Editorial: Silence is not the answer on campuses


Silence is not always golden.

When it is forced on a person or a group, it is anything but.

That’s what is happening with greater frequency and more intensity on some college campuses these days.

Students who refuse to listen to or consider viewpoints that differ from their own are stealing one of the fundamental rights — that of freedom of speech — and too many administrators are acquiescing to those demands.

College should be a time when people are exposed to a world of ideas. Some of those ideas run counter to their own thinking and some are downright repugnant.

Only through the free exchange of ideas and opinions can society truly function, however.

If opposing ideology is rejected, shouted down or pushed aside to some postage stamp-sized parcel of grass, a free society is not being served.
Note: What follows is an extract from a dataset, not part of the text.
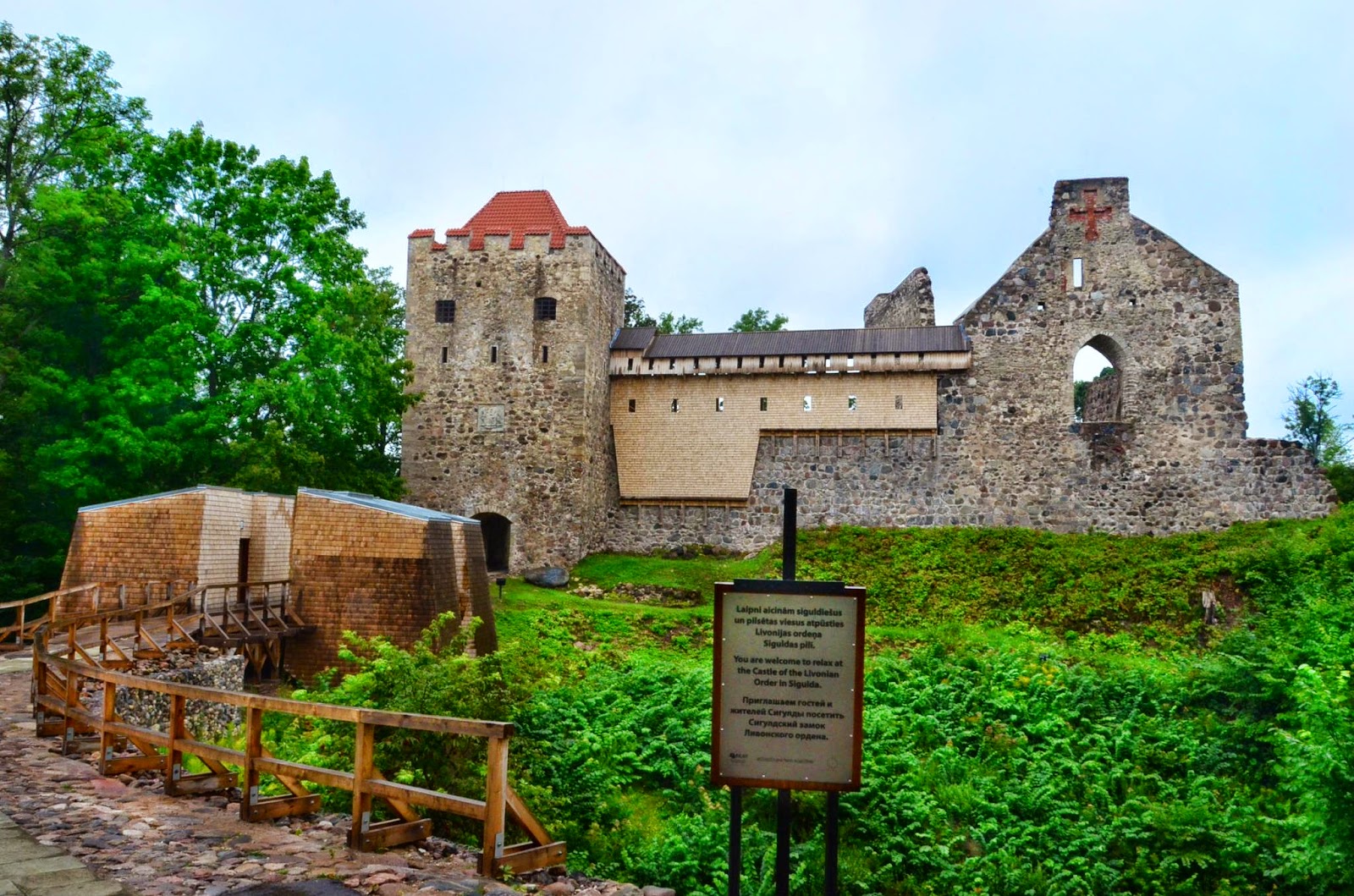 最後一站,Sigulda Medieval 城堡。四周只剩下斷垣殘壁,建於13世界,經歷多次戰亂不斷摧毀,直到18世紀被棄置至今沒有修復,所以以往的美貌已斷然看不見。

There has been an amazing transformation on college campuses these days that has turned some into overly protective bubbles.

There are “content warnings” required before professors can teach about topics that might offend someone. One school went so far as to allow archaeology students to walk out of class if they were disturbed by having to examine real human bones. By the way, “content warning” is the new name given to what once was called “trigger warning” because the word “trigger” was considered too violent a term.
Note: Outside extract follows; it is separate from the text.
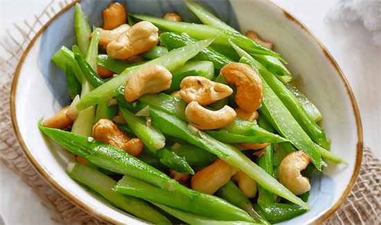 具体做法如下:芦笋用清水冲洗干净,将老头切除,然后切成斜刀段,放入开水中焯熟,约2-3分钟,将焯熟的芦笋倒入冷开水中浸泡一会,再将水倒掉,并挤出多余的水分,冷油下入腰果,开启中小火炒制,炒至金黄关火,捞出放凉,待腰果冷却后倒入芦笋中,并调入盐、味极鲜、白醋、糖、芝麻油,拌匀即可!

The protests, petitions and screaming have reached a fevered pitch. At the University of California Berkeley — where the free speech movement was largely launched in the 1960s and 1970s — harassment and threats of violence forced the university to cancel an appearance by former Brietbart News editor Milo Yiannopoulos.

DePaul University officials canceled and even threatened to arrest speaker Ben Shapiro over what they called inflammatory speech. Three students passing out copies of the Constitution for the group Young Americans for Liberty were arrested at Kellogg Community College in Michigan. One university has told students they cannot use words such as “crazy” or “ugly” on campus because they are offensive.

Instead of discussion and debate, students are becoming so sensitized that they cannot deal with the outside world once leaving the ivory towers. It is no longer acceptable for them to simply walk away and tune out messages with which they disagree.

True acceptance of the rights of others comes from being able to acknowledge there are others who don’t share the same views and visions. True knowledge comes from the willingness to hear those views and visions — including those that might be most vile to personal beliefs — and even discuss and challenge them.